Caution: There is no safety bleeder in the stock amp.
So you will want to build an insulated clip-on discharge resistor to discharge the B+ caps.


1. This project deals with lethal 115V line voltage and higher voltages. You  yourself must assume the responsibility for your own safety and for those who come near your work.
2. If you modify the kit, you void your warranty and neither S5 nor I will take responsibility for your changes to the amp.
3. This is an open notebook for sharing with my friends. Use any information enclosed here at your own risk.
4. Don't contact me if the kit or mods don't work. Learn to fix it.
5. This is based on the 2001 version of the kit. If the kit changes, the mods may not work in your version.

I felt the need to build something. My big project isn't going very fast (I'm avoiding the metal work.) I heard the K-12M Tube Amp at the April Cactus Tube Dudes and thought I would play with it a bit. I ended up buying the version with the tube cage. The metal work was already done!
 S5 Electronics Collects the Parts for the KIT and does the warrantee work.
 Arizona Hi Fi is the place I bought mine.
 AudioExpress Review of K-12M amp.
This 11MS8 amplifier was designed by George Fathauer and has the following advertised specifications:
Input Impedance                   = 100k ohms
Rated load                           = 8 Watts into 8 ohms per channel.
Minimum Input for full output = 400 mV
Frequency Response              = 20 to 20,000 Hz
THD at 1 Watt                    <1%
Performance Measurements I made:
On the stock amp I measured an output impedance at 30 Hz of 4.5 ohms, 300 Hz of 5.1 ohms and at 3 kHz of 5.1 ohms.

At 3 kHz, I noticed that clipping just started at 17V peak to peak into 8.45 ohms (resistive.) This is 9 watts peak output. 4.5W RMS.

The documentation for the kit is adequate, but minimal. The web site instructions are a bit easier to read. However, I didn't exactly follow the instructions to the letter.
Before I started the assembly, I clear coated the bottom of the chassis with about 6 coats of clear spray paint and very lightly wet sanded it in water with 600 grit after every coat but the last coat so that it would look nicer. I also painted the black top sandstone brown. I don't really like the sandstone brown, but I like it slightly better than the stock black.
I ended up placing my output transformers in the wrong way (as shown below) because I didn't have a picture to look at.

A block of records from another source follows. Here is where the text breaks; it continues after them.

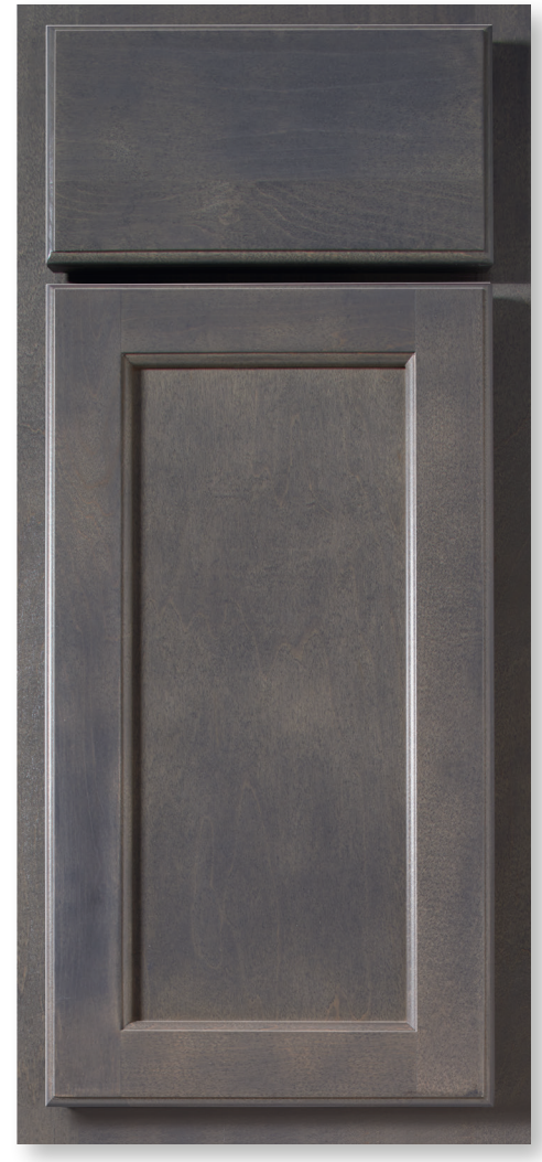
shown in Ash
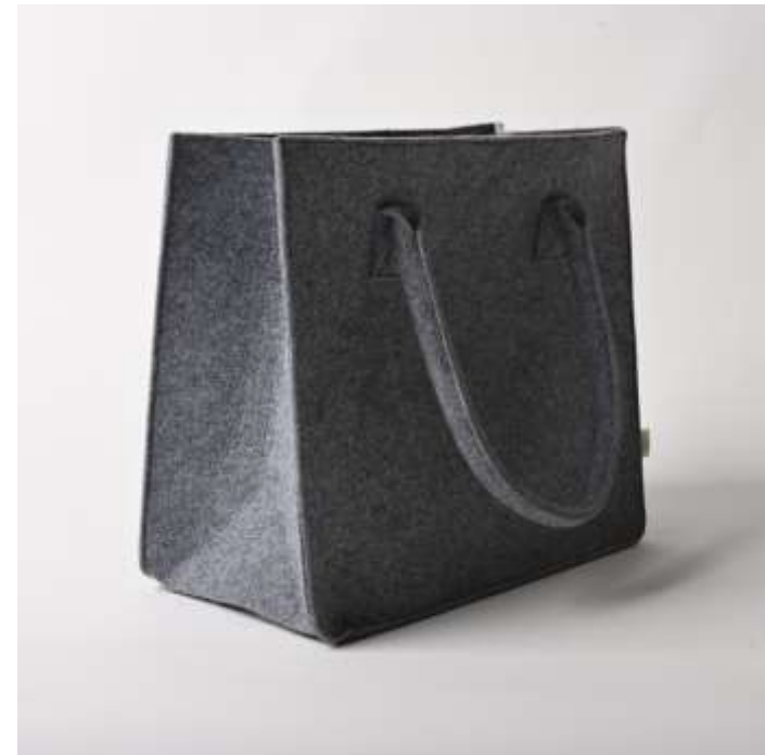
OSTB 10 - LG

Whether used for organizing office supplies or carrying useful documents or groceries, these bags and baskets combine functionality with a stylish design, adding a touch of sophistication to any setting.
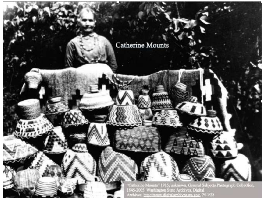
"Catherine Mounts" 1915, unknown.

Over the years, the blending of cultures between Hudson's Bay Company employees changed the lifestyle of many local Native Americans. Many Native Americans started to dress like Europeans. By the early 1850s, many Nisqually men wore trousers, button-up shirts, and boots, while many Nisqually women wore skirts and blouses. There were no significant conflicts between them. At that time, Nisqually People still fished, hunted, and gathered in traditional areas and were free to follow their beliefs and practices since time immemorial.

This ended up being a good thing because it made the board easier to remove to do modification to it.

I checked the "polarity" of the 115V line transformer primary with a signal generator and hooked it up so that the 115V lead that gave the lowest chassis voltage went to 115V hot at the power switch.

I wired the 115V differently than the kit instructions. I wired 115V hot to the fuse first and ran a wire to the power switch. The spare transformer lead was hard wired to the 115V cold. I soldered the 115V cold connection and put a wire nut over it. The wide plug is 115V cold, ohm it out to find out which wire it is. I've been zapped by equipment with the switch in the cold so I wanted both the switch and fuse in the hot lead.

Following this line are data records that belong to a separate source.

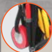
8" ELECTRICAL TAPE STRAP
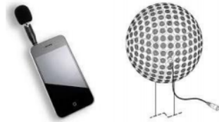
Fig 4 New acoustic devices and procedures in development

a maximum of 5 dB between bands. To be able to perform these acoustic measurements expensive equipment is needed, as well as a good technical background to be able to obtain the sound insulation indexes properly. To overcome this cost, there is a way to predict the sound insulation performance of a building using the UNE EN 12354 series ([7]). However, the difficulty to collect the dataset for calculating, and evaluating the uncertainty of the prediction model, provides a low accuracy and reliability. An alternative low-cost method to perform acoustical measurements in situ would overcome these drawbacks. In this sense to minimize costs and to make these technologies more portable and user-friendly the capabilities of smartphones as acoustic receivers will be explored ([8] - [12]). The aim is to develop a novel lightweight sound source for acoustic testing that provides a more diffuse field than standard loudspeakers and ensures easy portability and regulation compliance. An indoor positioning method is being developed to tag the location of the acoustic measurements. This is based on Bluetooth Low Energy beacons. This novel methodology will reduce the cost of experimental tests and be more suitable for self-inspection(Fig 4). All these aspects will be integrated into the VCMP.
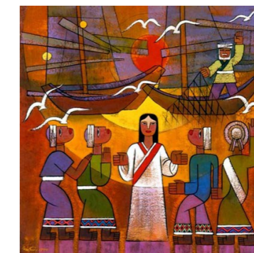
He Qi: Calling Disciples
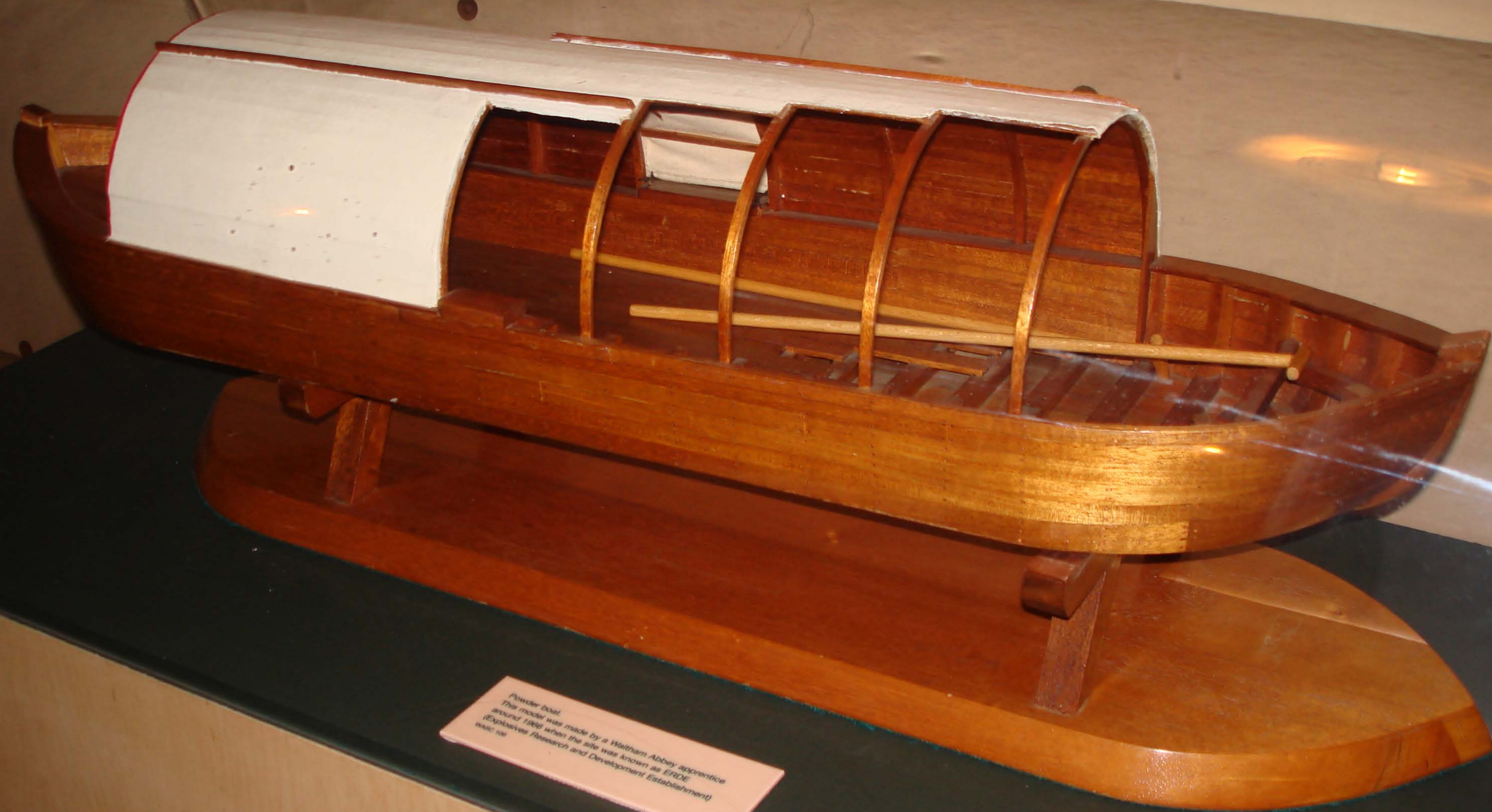
Powder boat The model was made by a Waltham Abbey apprentice around 1880 when the site was known as ERDE (Explosives Research and Development Establishment) WASC 00
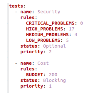
Figure 8: Excerpt of the Deployment Instructions file for the Smart Parking system.

and Kubernetes. We also considered two important QoS requirements which are security and deployment cost. Figure 8 shows the corresponding Deployment Instructions file as specified by the FSA.
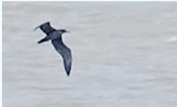
Wedge-tailed Shearwater - Recovered on 26.5.2021
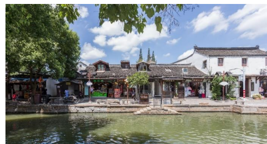
Figure 5. Elevation along the canal of Zhujiajiao. Souvenir shops pullulate along the touristic path, representing an example of heritage commodification. Source: Photo by the author, 2018
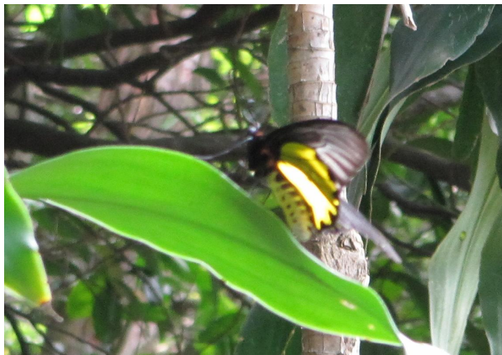
Golden Birdwing ( Troides aeacus aeacus )
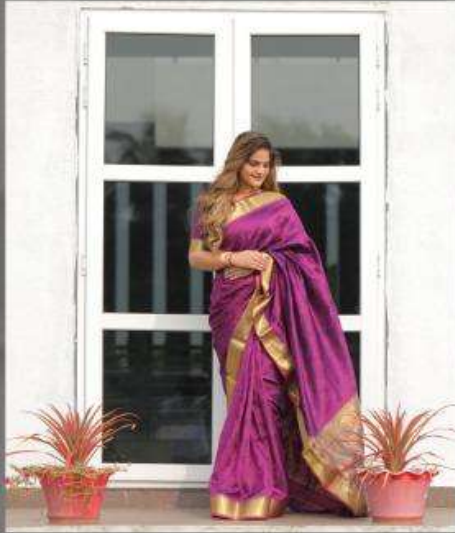
MAGIC LEAF 1001
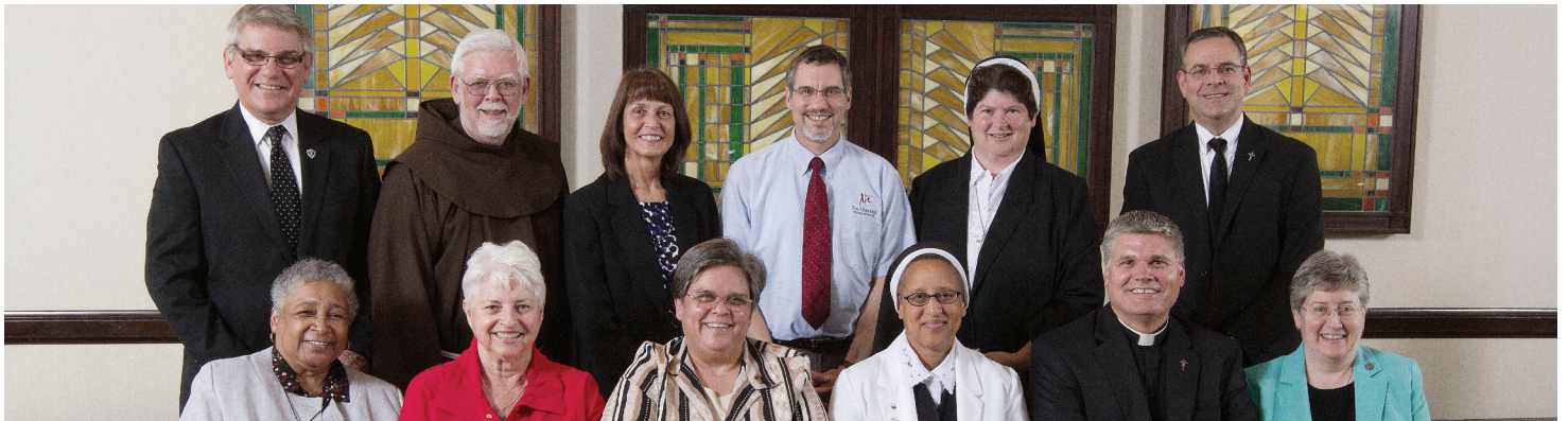
The 2013-14 NRVC Executive Board

Note: The right most tube is tube 1.

Ohm readings made with unit unplugged, caps discharged, tubes removed and volume pot all the way clockwise:
Measurement point Tube 1 and 3 Tube 2 and 4 Black lead to
1 Open Open Speaker Black
2 86K Open Speaker Black
3 1.46K 47K Speaker Black
4 <1 ohm <1 ohm Speaker Black
5 <1 ohm <1 ohm Speaker Black
6 Open Open Speaker Black
7 Open Open Speaker Black
8 298 298 Speaker Black
9 470K 470K Speaker Black
Test Change Tube 1 and 3 Tube 2 and 4 Red lead to
1 153K 50K + of diode bridge
6 75 ohm 85 ohm + of diode bridge
7 468 ohm 468 ohm + of diode bridge

The following should measure less than 1 ohm to Speaker Black:

Case of power transformer
Case of each output transformer
Chassis of amp.
Speaker Red
Some Voltages. Be careful when you test the voltages. Clip the ground of the DVM to speaker black and don't be touching anything metal with your body when you probe around. Getting across the B+ or the line voltage could be the last thing you do! Forever!
R8, R17    26V
R1, R9     1.29V
R3, R13    65V
R4, R21    197V one side, 132V the other side.
Initial power up:
My kit oscillated at 100 kHz at first power up so I went to the web site and saw a note about a ground lug on the volume pot. Sure enough, there was no continuity from the speaker black terminal to the chassis because of the paint. I put an internal tooth lock washer between the ground lug and chassis and the oscillation stopped. After that, I put internal tooth lock washers under the both the nut and screw on each of the transformer mounts that face the circuit board.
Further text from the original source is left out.